Move over MD5. Here's Blake2

by
in security on (#3GR)
There's more than one way to compute a secure hash, from MD5 to SHA-3 to SHA-1 and beyond. So who cares about yet another: Blake2?

There are a couple of reasons you might be interested in checking out Blake2: It was rated best hash function in the SHA-3 competition, is faster than MD5, and cryptographers find that it's similar to the well-regarded SHA-2 algorithm in ways that matter.

Says developer Zooko Wilcox-O'Hearn:
Jean-Philippe Aumasson, Samuel Neves, Christian Winnerlein, and I decided that what the world needed was not just a secure hash function that was faster than Keccak, but one that was faster than MD5! This is because MD5 (and SHA-1) continue to be very widely used, even in new applications, even though MD5 and SHA-1 are unsafe for many uses. We hypothesized that offering engineers a hash function that was both faster and more secure than their beloved MD5 or SHA-1 might be more effective than haranguing them to upgrade to an alternative that is more secure but slower.


Have a look for yourself at Wilcox-O'Hearn's page.

Good article spoiled by a frequently-repeated mistakes in the postscript (Score: 2, Interesting)

by fnj@pipedot.org on 2014-03-23 06:37 (#RP)

From TFA: "P.S. Secure hash functions are not for hashing passwords!

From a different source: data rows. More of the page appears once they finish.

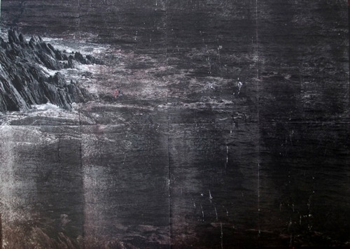 Le monde et son équilibre. Le paysage prend corps dans la photographie repeinte, griffée sur la toile. Cliquetis, bruit du monde, la sphère qui tourne, qui ralentit, qui gravite. Images reconstruites, décomposées, assemblées comme un puzzle. Le monde et son équilibre incertain. Le traitement brutal de l’image lorsque l’on se rapproche de la toile, une métaphore de l’actualité.
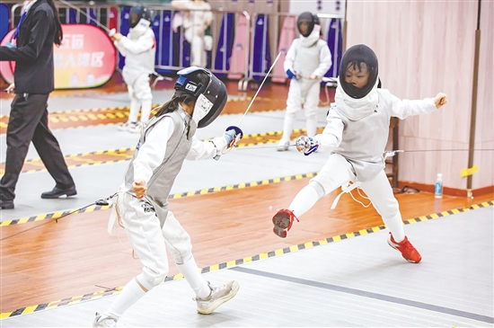 弓步、格挡、刺击……赛场上,选手们身着专业护具轮番上阵,在剑道上灵活走位、果断出击,留下了一幕幕精彩瞬间(见上图)。
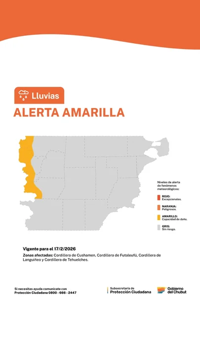 La región cordillerana de la provincia de Chubut se encuentra bajo vigilancia meteorológica ante la llegada de un frente de inestabilidad que afectará diversos departamentos durante las próximas horas. El Servicio Meteorológico Nacional (SMN) ha emitido una alerta de nivel amarillo para la madrugada de este martes 17 de febrero, previendo fenómenos que podrían alterar el desarrollo normal de las actividades y complicar la transitabilidad en los sectores más altos de la zona andina.
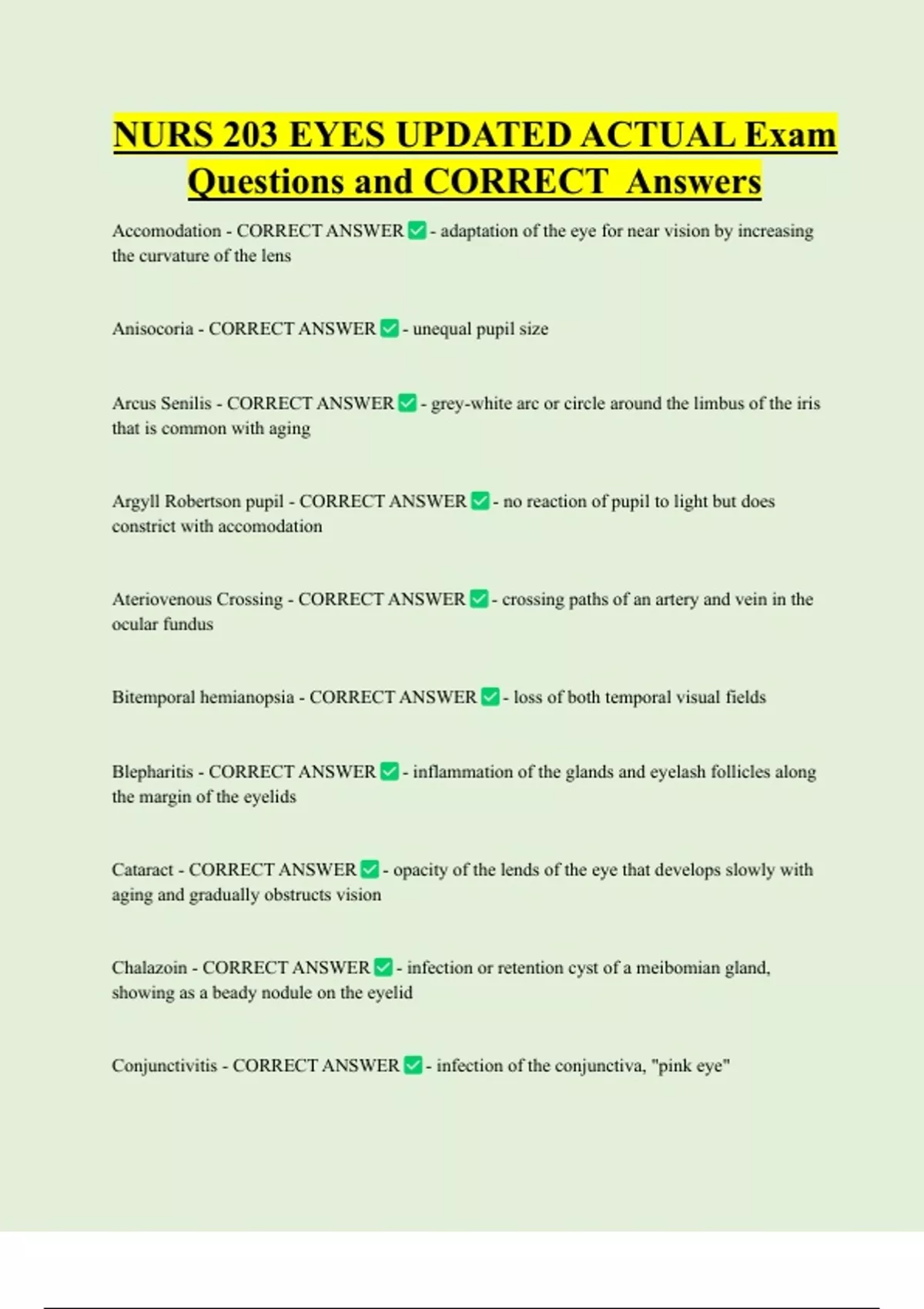 NURS 203 EYES UPDATED ACTUAL Exam Questions and CORRECT Answers
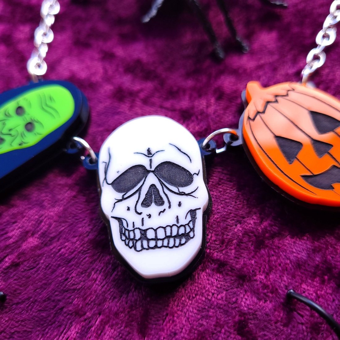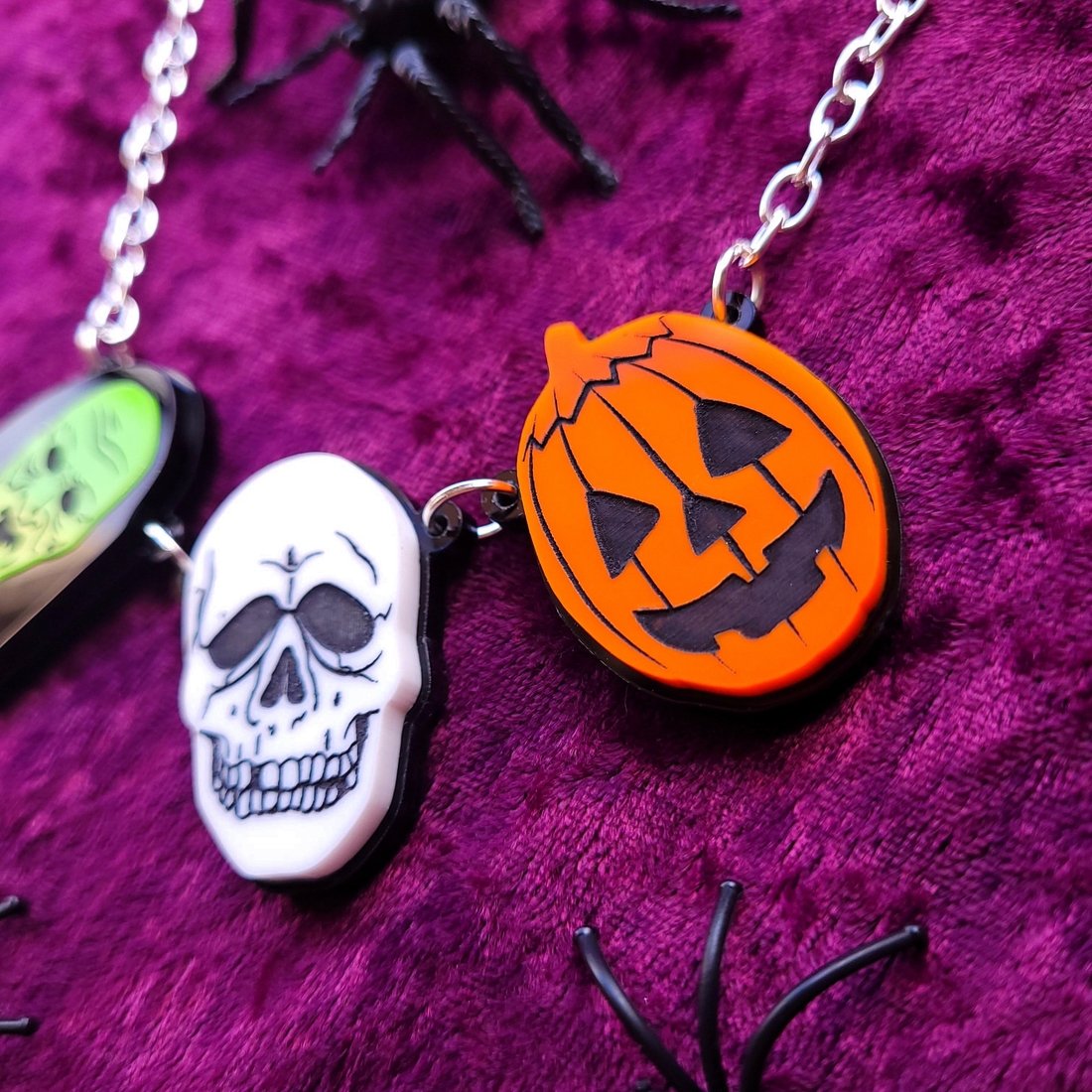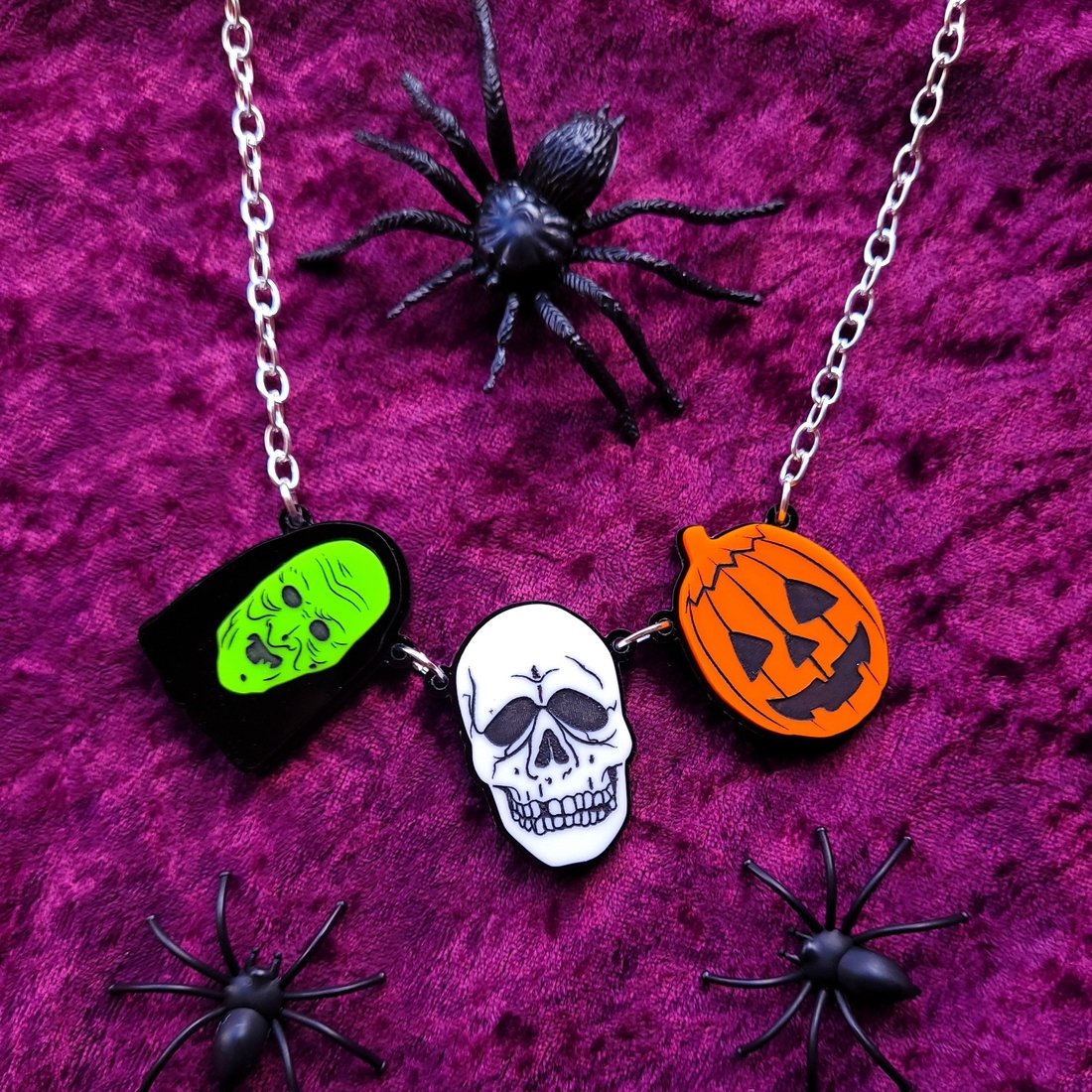 Happy Happy Halloween!! Silver Shamrock!! We took a little inspiration from one of the weirder horror sequels for this Halloween themed piece! Featuring a witch, skull and pumpkin mask laser cut and handmade using acrylic, with engraved detail.

Secure hash functions are building blocks in cryptographic protocols and they should be as efficient as possible while still being secure. Password-hashing functions are for impeding brute force guessing of passwords, and they should be as inefficient as possible while still being usable."

This is complete and utter BULLSHIT. Anybody who does not use SHA512 for a *NIX login password by now is a fool. Ask DOD if you don't believe me. It's the default in RHEL6, FreeBSD10 and many other modern security-conscious distros. Nobody runs just a single round of SHA512 for passwords. As the very next paragraph in TFA admits, you can make any algorithm as bloody slow as you want by running a large number of rounds. The default in glibc is 5000. You can turn up the number of rounds for passwords in PAM, up to at least 999,999,999 if you don't mind everybody logging in having to wait and load a CPU to 100% for minutes for the password to be verified (and making sure any attacker would take millenia to brute force a single password).